DOCK historically used a geometric matching algorithm to superimpose the ligand onto a negative image of the active site of the receptor. Over the years, features were added that would improve the programs ability to find the lowest-energy binding mode. Somem of these features include force-field based scoring, on-the-fly optimization and an algorithm for flexible ligand docking.

In this tutorial DOCK6 will be used. New features for DOCK6 include: additional scoring options during minimization; DOCK 3.5 scoring-including Delphi electrostatics, ligand conformational entropy corrections, ligand desolvation, receptor desolvation; Hawkins-Cramer-Truhlar GB/SA solvation scoring with optional salt screening and more (see UCSF DOCK). These new features improved the programs ability to predict binding poses.


This tutorial will use PDB code: 1S19. 1S19 is the crystal structure of VDR ligand binding domain complexed to calcipotriol (find structure here.

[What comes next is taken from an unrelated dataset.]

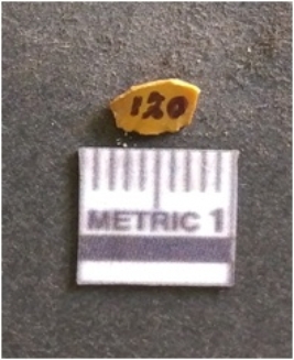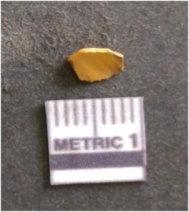 | Description / विवरण | The chert piece is dark in color, with a prominent bulb of percussion and sharp flaked edges. The piece is a part of lithic debitage or raw material for lithic knapping. The piece shows clear ripple marks and bulb of percussion. |
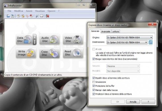 InfraRecorder è un software di masterizzazione gratuito ricco di funzioni che permette di soddisfare gran parte delle esigenze legate alla masterizzazione di CD e DVD senza ricorrere a costose soluzioni professionali. Attraverso la sua interfaccia utente semplice e curata (tradotta in italiano), il programma permette di creare CD/DVD di dati, CD musicali, DVD video, masterizzare file immagine, creare file immagine e duplicare CD. La copia dei CD può essere effettuata in maniera standard, trasferendo il contenuto del disco di origine sull'hard disk del computer e poi riservando il tutto su un supporto vuoto, oppure “al volo”, cioè copiando direttamente i dati da un CD all'altro. Scarica da qui.

The resolution is 2.10 Å.


UCSF Chimera was developed by Resource for Biocomputing, Visualization, and Informatics (RBVI) at the University of California, San Francisco. Chimera is a program made for the interactive visualization and analysis of molecular structures. Some features of Chimera include general structure analysis (automatic identification of an atom, hydrogen addition and partial charge assignment, structure building and bond rotation, etc.) presenting images and movies (high-res images, visual effects, standard molecular representations, etc.) and sequence structure tools (sequence alignments, structure superposition, etc.)

Making Directories

To make it easier for us to locate certain files, we are going to create directories for each step of the docking process. The mkdir command creates a new directory in which new files can be saved. The cd command allows for you to navigate between directories.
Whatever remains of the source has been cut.